The 5 toughest interview questions

The 5 toughest interview questions and how to answer them.

When it comes to a job interview there’s no such thing as being over-prepared.

However, interviews are unfortunately one of those things that you just can’t predict. It’s impossible to know exactly what questions will be asked, and what sort of interview style the hiring manager will prefer.
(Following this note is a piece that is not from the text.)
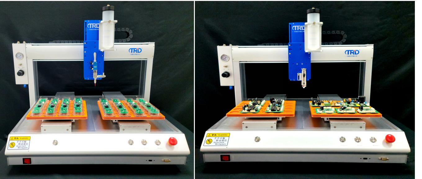 當然最近幾年由于技術的進步,點膠機也不再局限于只適用單組份的膠水了,目前天瑞達點膠機也有很多點膠機能夠實現三維、四維路徑點膠,精確定位,精準控膠,不拉絲,不漏膠,不滴膠,點膠機主要用于產品工藝中的膠水、油漆以及其他液體精確點、注、涂、點滴到每個產品精確位置,可以用來實現打點、畫線、圓型或弧型。

To help minimise the stress of unexpected questions, here are some of the toughest interview questions that repeatedly trip up job candidates:

What is your biggest weakness / what skills are you lacking?
How you explain your biggest weakness is one of the most telling interview questions of all. Everyone has a weakness so don’t answer this question thinking you can convince the interviewer you have none. However, you should never draw negative attention to yourself by choosing a weakness that could lead an employer to believe you’re not right for the job. An honest but positive answer works well. Try something like “I find it hard to say no and sometimes take on to much” – finish this with a positive example of how you are improving on this weakness to better yourself, you want the focus of the interview to be on your strengths.
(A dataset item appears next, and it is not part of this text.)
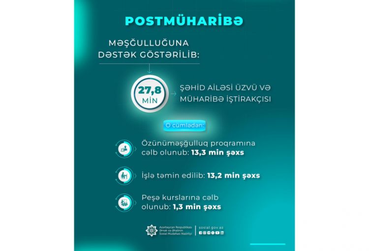 Möhtəşəm Zəfərlə yekunlaşan 44 günlük Vətən müharibəsindən sonrakı dövrdə dövlətimizin başçısının tapşırıqları əsasında şəhid ailələrinin üzvləri və müharibə iştirakçıları ilə bağlı icra olunan genişmiqyaslı sosial dəstək paketinin icrası davam etdirilir. Əmək və Əhalinin Sosial Müdafiəsi Nazirliyinin tabeliyində Dövlət Məşğulluq Agentliyi tərəfindən postmüharibə dövründə bu kateqoriyalara aid olan 27 min 800 nəfər məşğulluq tədbirlərinə cəlb edilib.

Why did you leave your previous employer, or why are you leaving your present job?
Avoid negativity with this question. Don’t moan about past employers, it doesn’t make you look good. Instead, talk about the frustration of your previous role that this job could fix. A good answer would be “I have enjoyed my time at my current job and I have learnt a lot that I can take to a new position, however, there was no opportunity for progression or promotion and I feel I am more than ready to take the next step with my career”. It is important to turn negative situations positive!

Tell me about yourself
Not a question, but a common phrase in interviews. Interviewers don’t want to know every detail of your life, keep your answer to a minute or two at most. Tailor your answer to cover relevant aspects of your life, such as education, work history and recent career experience. Your favourite TV show and where you’re going on your next holiday is not what they’re looking for, but mentioning hobbies can help portray your personality.

Where do you hope to be in 3 to 5 years’ time?
Whatever you do, do not answer this question with “I’m not sure”, even though it’s quite likely that’s the truth. You want your answer to show your determination and ambition in a way that is realistic to the company you are interviewing for. An answer similar to “I’d like to be in a position of responsibility doing a job that challenges and excites me’, is sure to impress – but don’t forget to tailor it to the job you’re being interviewed for.

Do you have any questions? Anything else you would like to add?
Do your homework for this question, research the company beforehand and see if there is anything you need clarification on. Maybe you want to know what the progression in the role is like or even a bit about the other staff there. Show a genuine interest in the company and they’re sure to be impressed.